• _WHAT YOU SHOULD DO_: Pictures are not repeated. Every line from the beginning of the entries through the one with "1937 Bank of Canada $1 bill" is restated exactly.

• _RECORDS SHOWN_:
== Segment start ==
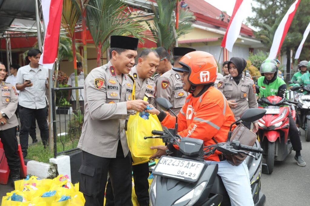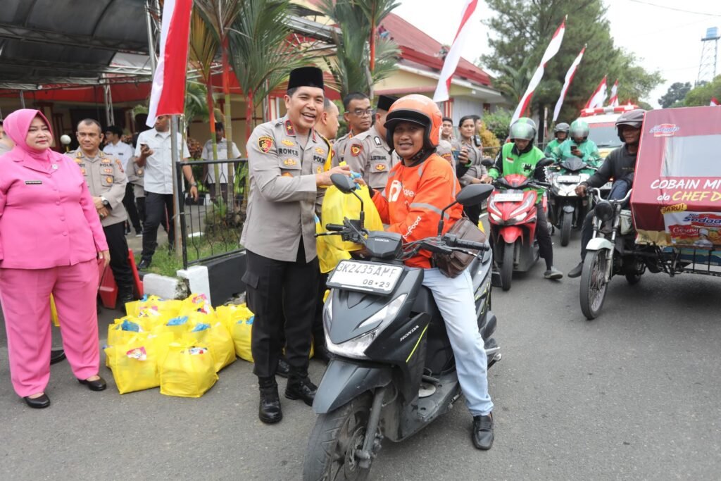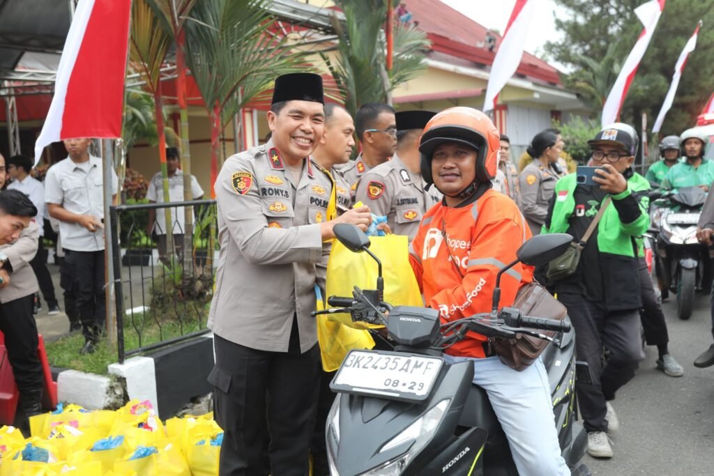 Ratusan paket bantuan dibagikan kepada masyarakat yang hadir, termasuk kepada komunitas pengemudi ojek online (ojol) di Sumatera Utara. Perwakilan dari keluarga besar ojol Sumut mengucapkan terima kasih kepada Kapolda Sumut beserta seluruh jajaran Polda Sumut atas perhatian dan kepeduliannya.
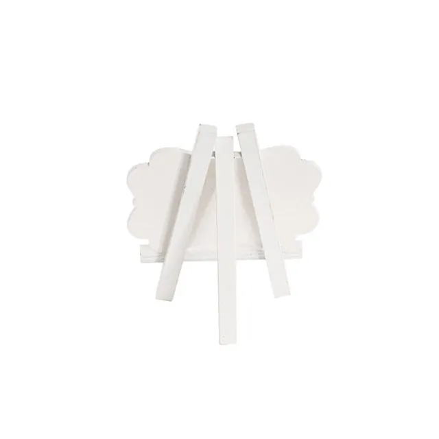 Each white wooden easel features a gold coloured scroll borderand three legs with a hinged top.
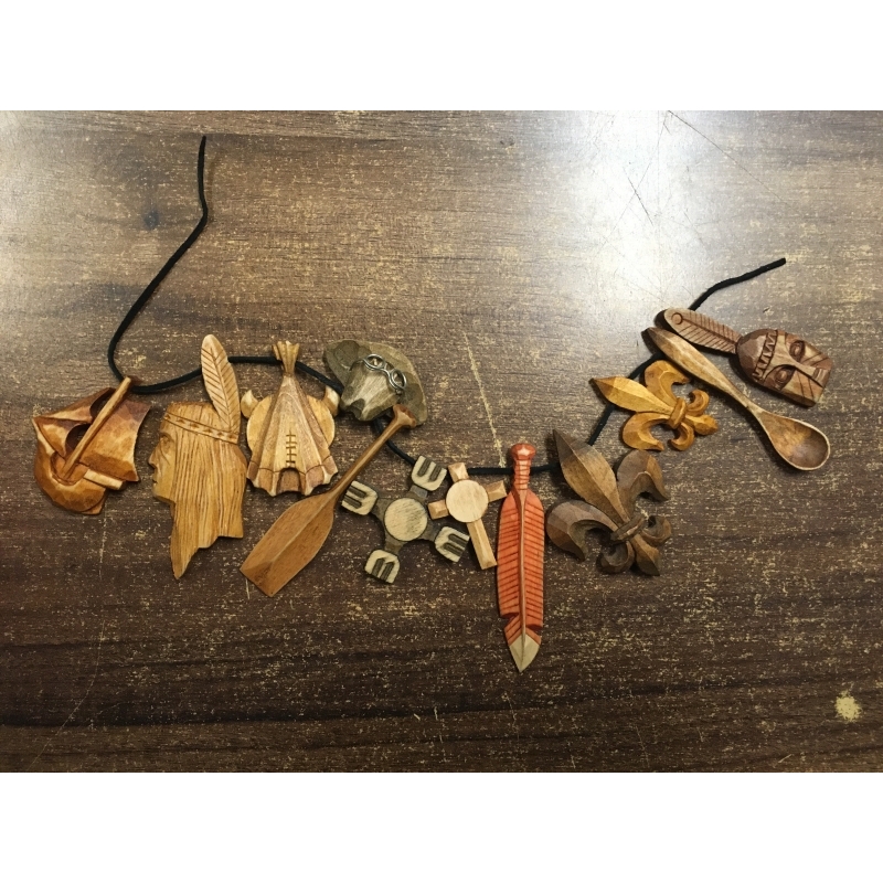 Dřevěný ručně vyřezávaný přívěsek. Je opatřen dírkou na provlečení kůžičky.
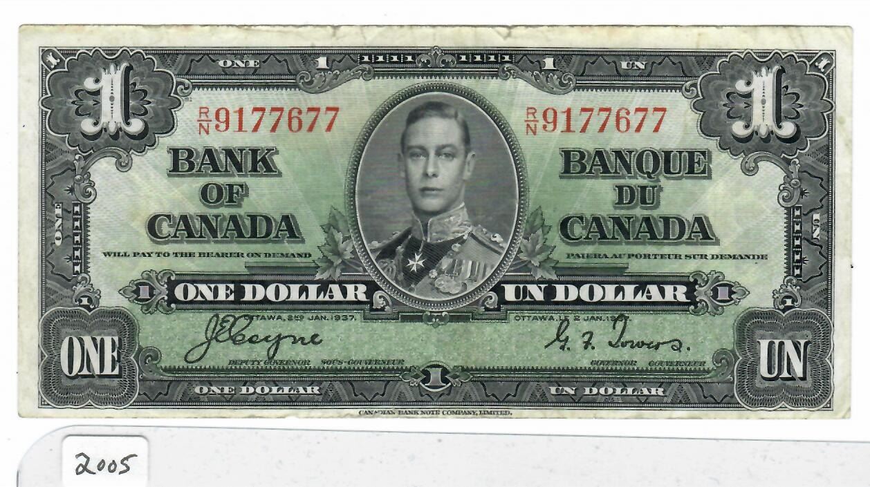 1937 Bank of Canada $1 bill
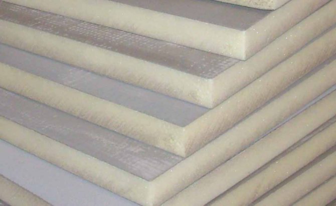 Dies ist extrudierter folienbeschichteter Polystyrolschaum, der in einem weiten Bereich von Dicken hergestellt wird. Der letztere Parameter kann von 10 bis 100 mm variieren.Die Isolierung wird für Innentrennwände, Fußbodendecken, betriebene Dächer, Fußböden, Decken, Bäder, Saunen, Heizsysteme, Kühlkammern und Lieferwagen verwendet. Es manifestiert sich perfekt in der Bildung von wärmereflektierenden Schichten von Heizgeräten.
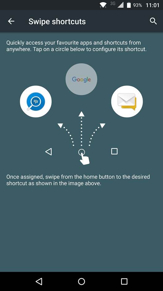 Swipe prečice pored Google Now prečice koje se “kriju” iza home tastera. Predefinisane su BlackBerry Device Search i BlackBerry Hub. Ali, možete ih zameniti nekim drugim. Ja sam ih zamenio AirDroid i SuperBeam aplikacijama kako bi mi opcije bežičnog prebacivanja fajlova bile dostupne u svakom trenutku.
== Segment end ==
• _FINISHED TASK_:
 Ratusan paket bantuan dibagikan kepada masyarakat yang hadir, termasuk kepada komunitas pengemudi ojek online (ojol) di Sumatera Utara. Perwakilan dari keluarga besar ojol Sumut mengucapkan terima kasih kepada Kapolda Sumut beserta seluruh jajaran Polda Sumut atas perhatian dan kepeduliannya.
 Each white wooden easel features a gold coloured scroll borderand three legs with a hinged top.
 Dřevěný ručně vyřezávaný přívěsek. Je opatřen dírkou na provlečení kůžičky.
 1937 Bank of Canada $1 bill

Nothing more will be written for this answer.